To implement a CPU-GPU queue, we need to allocate memory accessible by both the CPU and the GPU. We will do that by allocating the queue in the CPU memory with cudaMallocHost(). Refer to the CUDA manual for details.

The size of each queue should be **16 slots x** #threadblocks. You may however round up to the closest power of 2 and set the size to  $2^{\left\lceil \frac{\log(16 \cdot TB)}{\log(2)} \right\rceil}$  slots.

- a) In your code, compute how many threadblocks can concurrently run in the GPU. Remember that this number depends on the following:
  - The number of threads per threadblock
  - The size of shared memory you use
    - you may calculate it manually or use the nvcc --ptxas-options=-v argument to ask the compiler to print it.
    - o interpolate\_device() uses 1024 Bytes of shared memory.
  - The number of registers per thread
    - 32 in our case, as specified in the Makefile.

 Properties of the device (number of SMs, the maximum number of threads per SM, shared memory per SM, and registers per SM).

Do not hardcode this number, as it might be checked on a different GPU. Instead, use cudaGetDeviceProperties() for this calculation (refer to the CUDA manual).

Explain how you compute this number in the report.

- b) Implement the CPU <-> GPU multiple-producer-multiple-consumer (MPMC) queues. Pay attention to memory consistency, and consult with the lectures, tutorial, or the hello-shmem.cu example.
  - You will need to use std::atomic<T>::exchange to implement a test-andset (TAS) lock. You will need to use two locks. Note that read-modifywrite operations can't be executed atomically across PCI; hence, a lock used by the GPU should reside in GPU memory.
    - Consider the test-and-test-and-set (TTAS) lock as an optimization.
       You can read about it here:
       <a href="https://en.wikipedia.org/wiki/Test">https://en.wikipedia.org/wiki/Test</a> and test-and-set
       It improves the performance by reducing the contention on the
       atomic variable's cache line. It first detects when the lock seems free
       with std::atomic<T>::load, and only then uses
       std::atomic<T>::exchange for the actual locking.
  - You will need to use Release-Acquire ordering.
- c) In the report, please explain **briefly** the desired memory ordering and how you achieved it:
  - Explain which memory operation must happen-before which memory operation, from the point of view of the consumer/producer.
  - Explain what is the critical section which is guarded by the lock.
- d) Implement the queue\_server class using the queues you implemented in 2)b) for communication.

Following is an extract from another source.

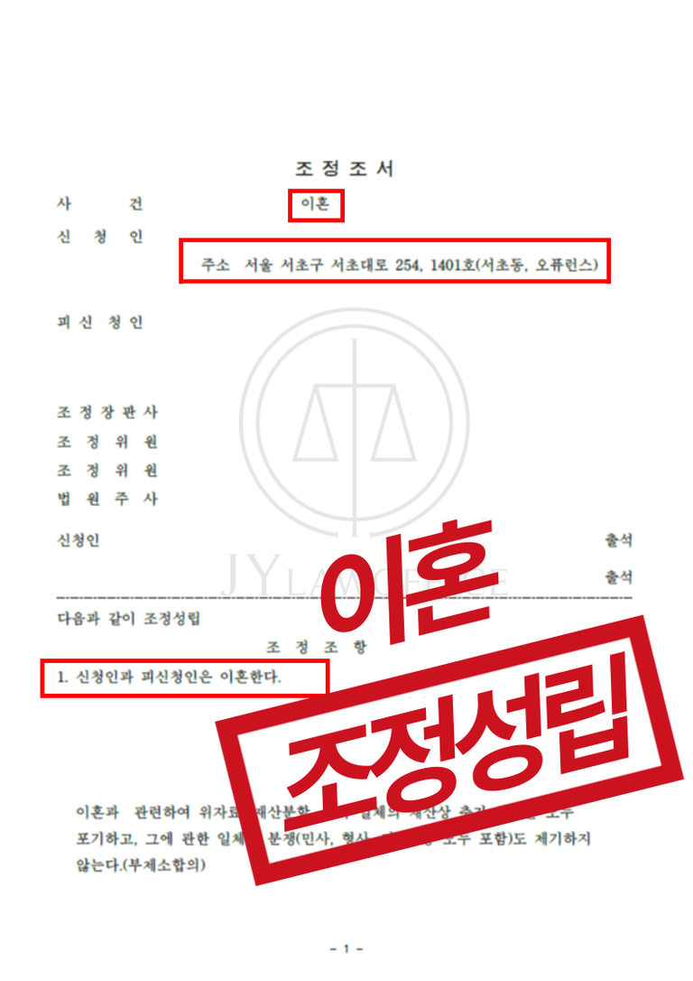 이와 같은 변호사의 노력에 따라, 의뢰인의 이혼조정은 성립되었으며, 의뢰인과 상대방은 재판 없이 빠르게 이혼할 수 있었습니다.

- i) In the class constructor, allocate necessary shared memory and initiate the GPU kernel.
- ii) In the class destructor, terminate the kernel before releasing allocated resources. You can terminate the kernel by, e.g., sending a termination flag over shared memory and waiting for the kernel to terminate.
- d) Make the following measurements:
  - i) Run the program in queue mode with #threads = 1024 and load = 0 and report the throughput in the report. We'll refer to the throughput you get here as maxLoad.
  - i) Vary the load from maxLoad/10 to  $2 \cdot \text{maxLoad}$ , in 10 equal steps. In each run, write down the load, median latency, and throughput. Display these measurements as a table in the report.
- e) Repeat d) with #threads=512.
- f) Repeat d) with #threads=256.
- g) From the samples you've collected, create a latency-throughput graph that compares all four previous experiments (streams, queues with #threads=1024, queues with #threads=512, and queues with #threads=256). Make sure to add a legend to the graph.
- h) In the report, explain what we can learn from the differences between the throughput-latency graphs with different #threads.
- i) Instead of a single pair of queues, we could have used a pair of queues for each threadblock. Would you expect performance gain or loss from such change? Why? What might be the benefit of using a shared queue?
- j) A wise man suggested moving the CPU-to-GPU queue to the GPU memory (assume it is still accessible by the CPU) and keeping the GPU-to-CPU queue in the CPU memory. He claimed it might result in better performance. Explain why. Think in the terms: PCIe reads and writes, posted and nonposted transactions.

k) To place the CPU-to-GPU queue in the GPU memory, we will need to make it accessible by the CPU. Explain roughly what should be done for this to happen (In terms of PCIe MMIO).